Task to carry out -
Write out exactly the lines below starting at the one containing "N・S様) ※効果には個人差があります |" and ending at the one containing "此前,即2017年11月24". Omit every picture.

Records supplied -
§ §
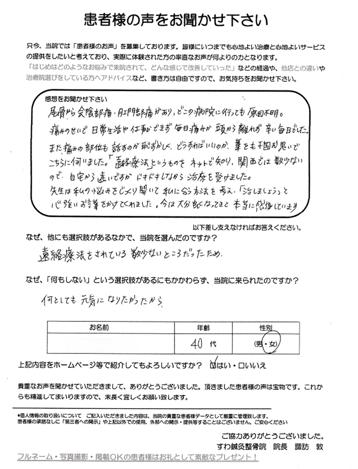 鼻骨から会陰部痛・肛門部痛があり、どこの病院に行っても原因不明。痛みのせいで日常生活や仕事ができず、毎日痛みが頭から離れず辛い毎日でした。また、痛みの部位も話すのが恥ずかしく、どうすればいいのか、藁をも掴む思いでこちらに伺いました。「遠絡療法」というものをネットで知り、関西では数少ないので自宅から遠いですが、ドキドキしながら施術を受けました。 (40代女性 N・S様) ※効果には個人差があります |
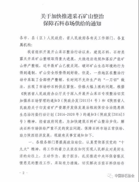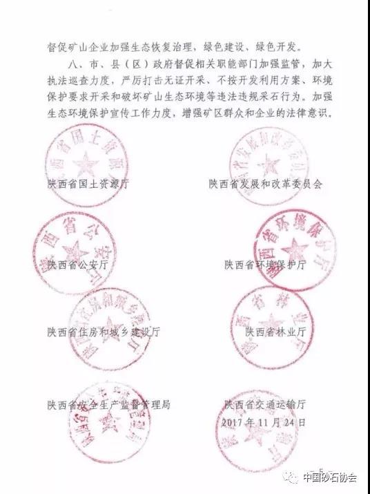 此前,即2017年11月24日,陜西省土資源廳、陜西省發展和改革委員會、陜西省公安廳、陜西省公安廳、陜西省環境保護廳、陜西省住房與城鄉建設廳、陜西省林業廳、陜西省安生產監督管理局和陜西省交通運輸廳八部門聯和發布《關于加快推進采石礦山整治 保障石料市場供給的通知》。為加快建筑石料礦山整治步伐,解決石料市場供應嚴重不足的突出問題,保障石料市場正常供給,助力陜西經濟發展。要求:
§ §
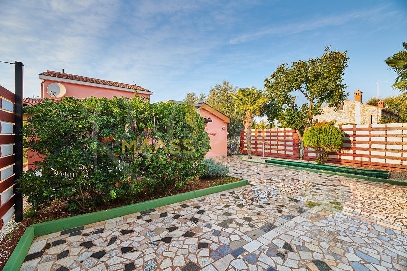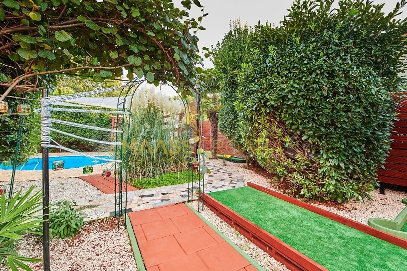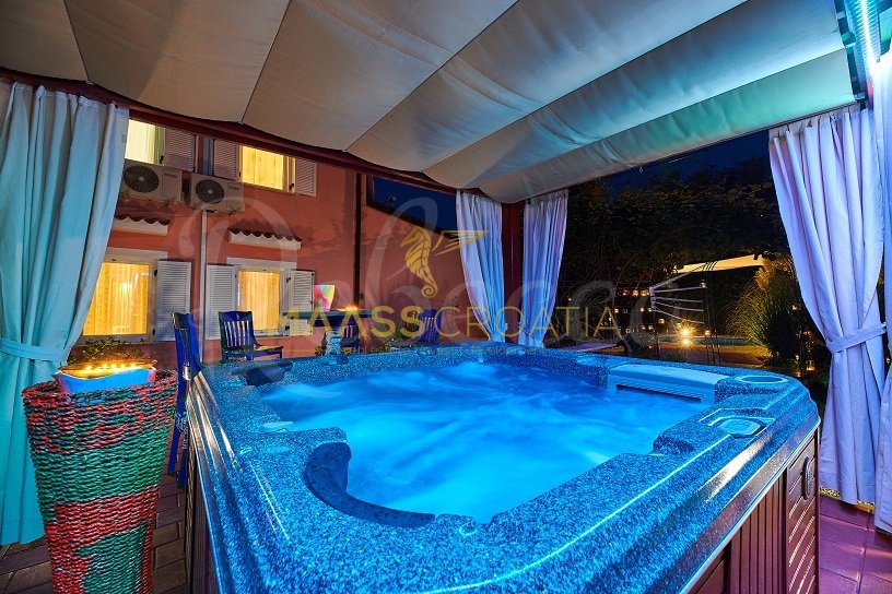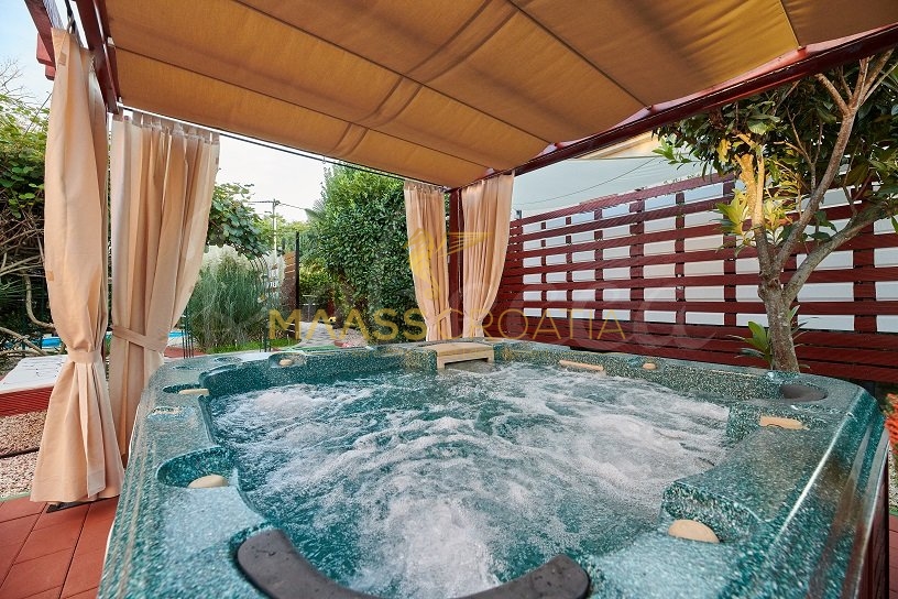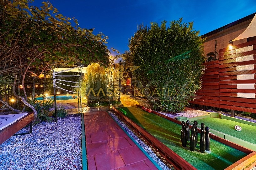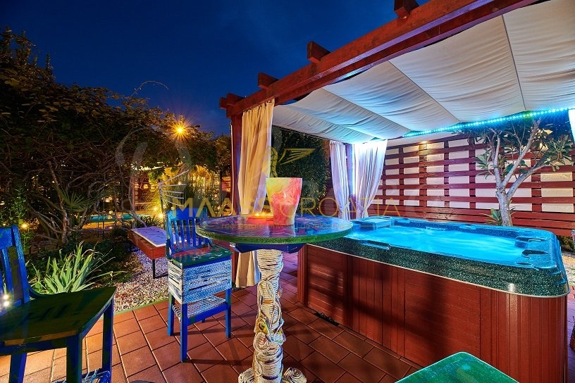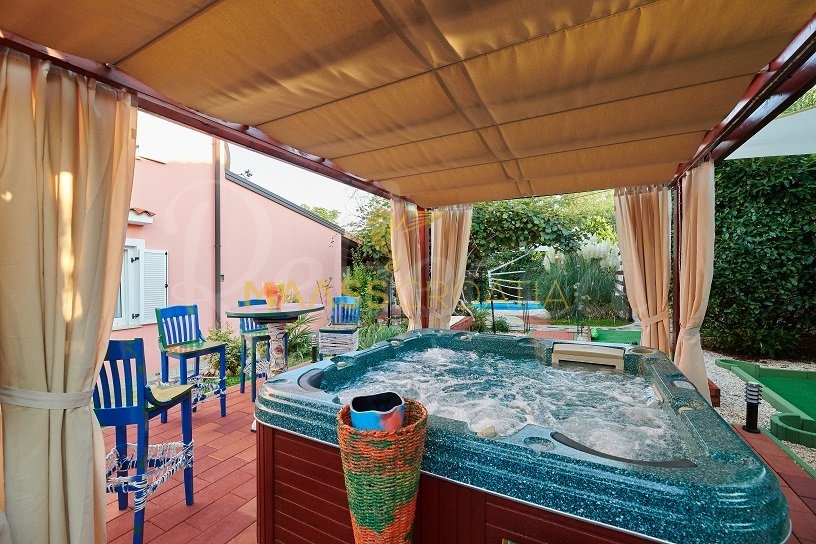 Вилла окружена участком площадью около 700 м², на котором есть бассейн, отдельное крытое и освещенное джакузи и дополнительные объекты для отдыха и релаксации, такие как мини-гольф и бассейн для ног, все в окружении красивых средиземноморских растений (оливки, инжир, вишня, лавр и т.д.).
§ §
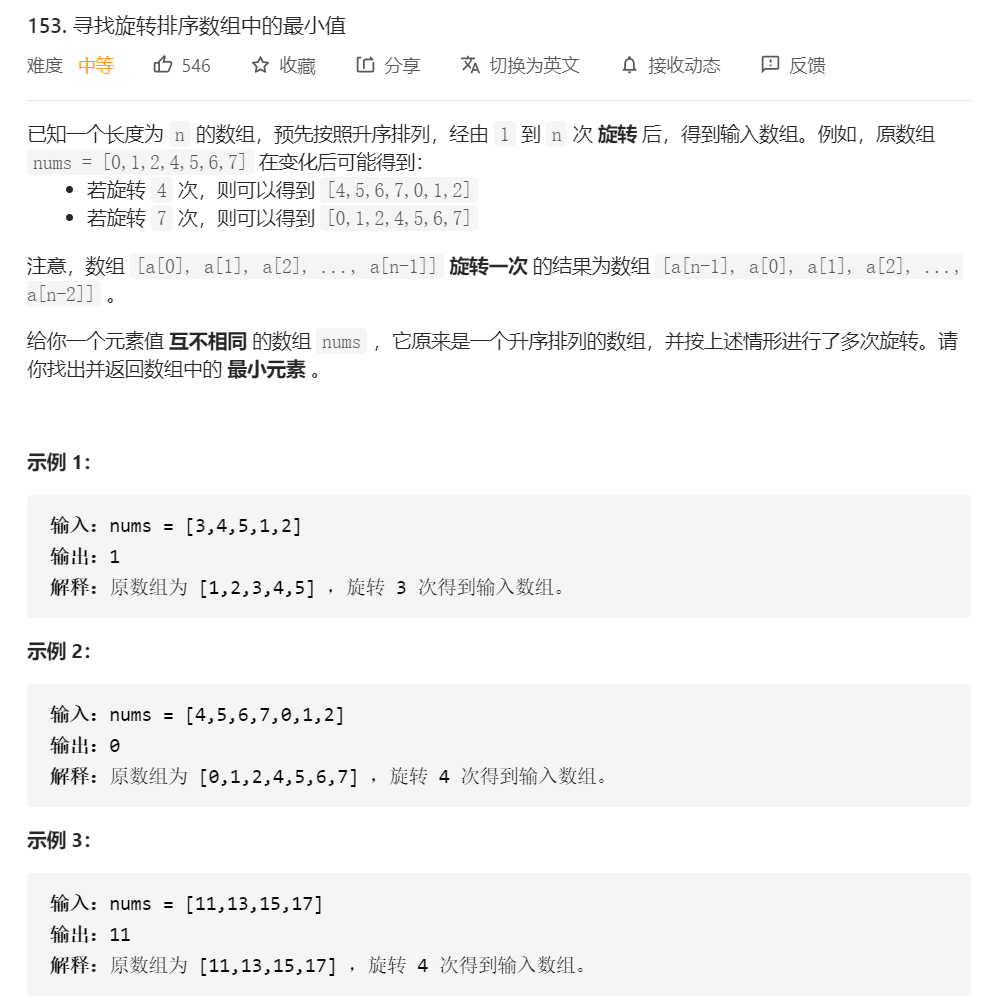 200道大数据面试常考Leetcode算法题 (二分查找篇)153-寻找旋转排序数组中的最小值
§ §
Response to this exercise -
 鼻骨から会陰部痛・肛門部痛があり、どこの病院に行っても原因不明。痛みのせいで日常生活や仕事ができず、毎日痛みが頭から離れず辛い毎日でした。また、痛みの部位も話すのが恥ずかしく、どうすればいいのか、藁をも掴む思いでこちらに伺いました。「遠絡療法」というものをネットで知り、関西では数少ないので自宅から遠いですが、ドキドキしながら施術を受けました。 (40代女性 N・S様) ※効果には個人差があります |
 此前,即2017年11月24日,陜西省土資源廳、陜西省發展和改革委員會、陜西省公安廳、陜西省公安廳、陜西省環境保護廳、陜西省住房與城鄉建設廳、陜西省林業廳、陜西省安生產監督管理局和陜西省交通運輸廳八部門聯和發布《關于加快推進采石礦山整治 保障石料市場供給的通知》。為加快建筑石料礦山整治步伐,解決石料市場供應嚴重不足的突出問題,保障石料市場正常供給,助力陜西經濟發展。要求:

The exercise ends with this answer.